Understanding those ‘real-life-objects’ is a first step of data interpretation. A great variety of such ‘real-life-objects’ exists, that act as projecting agents’ ${ }^{10}$ for socioeconomic phenomena. Human beings are the most important of the great variety of ‘real-life-objects’ that are of interest to society – no offense is meant when referring to human beings as ‘real-life-objects’ as a technical-statistical term. It can be an individual person, or a group of persons, like a ‘family’, a ‘household’ or other groups of people, e.g. in a mental institution, in hospitals, jails, or retirement homes.
These ‘real-life-objects’ can also be things related to socio-economic activities, such as mines, farms, retail establishments, production plants, railroad companies (with their rail network), corporations, but also machines, farm animals, and produced goods. Political-administrative districts can become ‘real-life-objects’, such as counties, metropolitan areas, census tracts, even plots of land cultivated with certain field crops. Other, quite different kinds of ‘real-life-objects’ can be legal documents like shares, mortgages, vehicle registrations, birth certificates, building permits and bonds.

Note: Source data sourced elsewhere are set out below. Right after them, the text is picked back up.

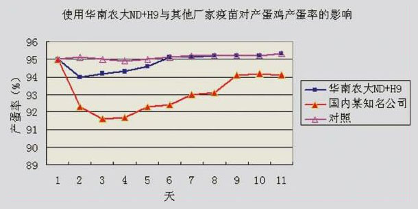 某蛋雞場注射華南農(nóng)大ND+H9(精品)油苗與其他廠家疫苗對產(chǎn)蛋率的影響(品種:海蘭褐)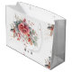 Gör ett varaktigt intryck med denna eleganta och sofistikerade stora presentpåse, perfekt för bröllop och speciella tillfällen. Den känsliga akvarellblommiga designen har en vacker blandning av rosa, persika och dammig blå nyans, accentuerad med guld och en touch av grönska. Påsen är personlig med parets namn och bröllopsdatum, vilket ger en speciell touch till din gåva. Anpassa med dina bröllopsdetaljer och hitta matchande mönster i min "DreamHut" -butik.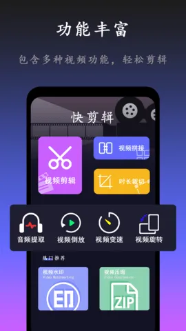 它涵盖了视频裁剪、变速、拼接、音频提取、倒放、旋转等常用功能。比如裁剪功能,能把视频中不需要的部分去掉;变速功能可实现快进或慢放效果。还能为视频添加个性化专属水印,点击音乐按钮能添加背景音乐或音效,增强视频感染力。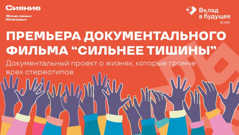 «Благотворительный фонд семьи Юнановых «Сияние» приглашает всех желающих на премьеру документального фильма «Сильнее тишины», которая состоится 19 октября в 16:00 в культурном пространстве «Бронзовая лошадь» (ул. Калинина, д. 291). Это не просто показ — это уникальное событие, меняющее восприятие инклюзии и жизни людей, которые сталкиваются со стереотипами.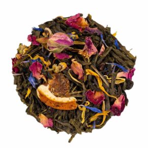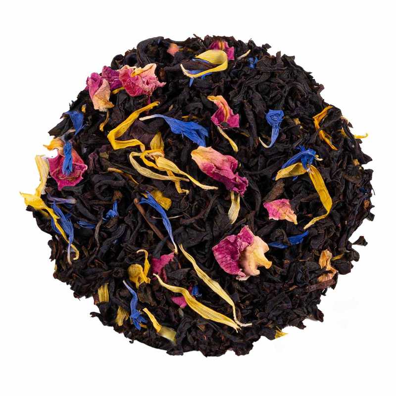 Najwyższej jakości czarna herbata Ceylon (płd. Indie, Chiny) o lekkim charakterze łączy się z nutami świeżości mango, aksamitki i delikatnym aromatem płatków róży i bławatka.
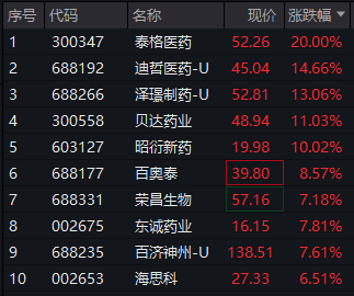3月14日,创新药板块大幅高开。相关指数中,中证创新药产业指数涨超3%,成分股中,泰格医药“20CM”涨停,迪哲医药-U、泽璟制药-U、贝达药业、昭衍新药均涨超10%,百奥泰、荣昌生物、东诚药业、百济神州-U均涨超7%。

The most frequent kind of ‘real-life-objects’, however, are neither people nor buildings or things. They are occurrences of social relevance, such as sales, strikes, accidents. Into this category of ‘real-life-objects’ belong events that are beginnings e.g. the birth of a person, foundation of a firm, issuance of a share, the issue of a construction permit or the creation of a new job, changes e.g. in the occupation of a person or in the line of production of a firm, and terminations e.g. the withdrawal of a person from the labor force or the conclusion of a debt through full payment, the completion of the construction of a dwelling unit or the bankruptcy filed by a business firm. These occurrences can become the ‘real-life-objects’ of interest, independently of the persons, things or events in which they occur. These beginnings, changes and endings are of interest independently of the ‘real-life-object’ in which they occur, though always in relation to it, whereby the description of the ‘real-life-object’ in (or on) which an occurrence takes place becomes one of its characteristics. An example would be the opening of a new supermarket, where the ‘real-life-object,’ the beginning of a firm, is characterized by the size and kind of business in which it occurs.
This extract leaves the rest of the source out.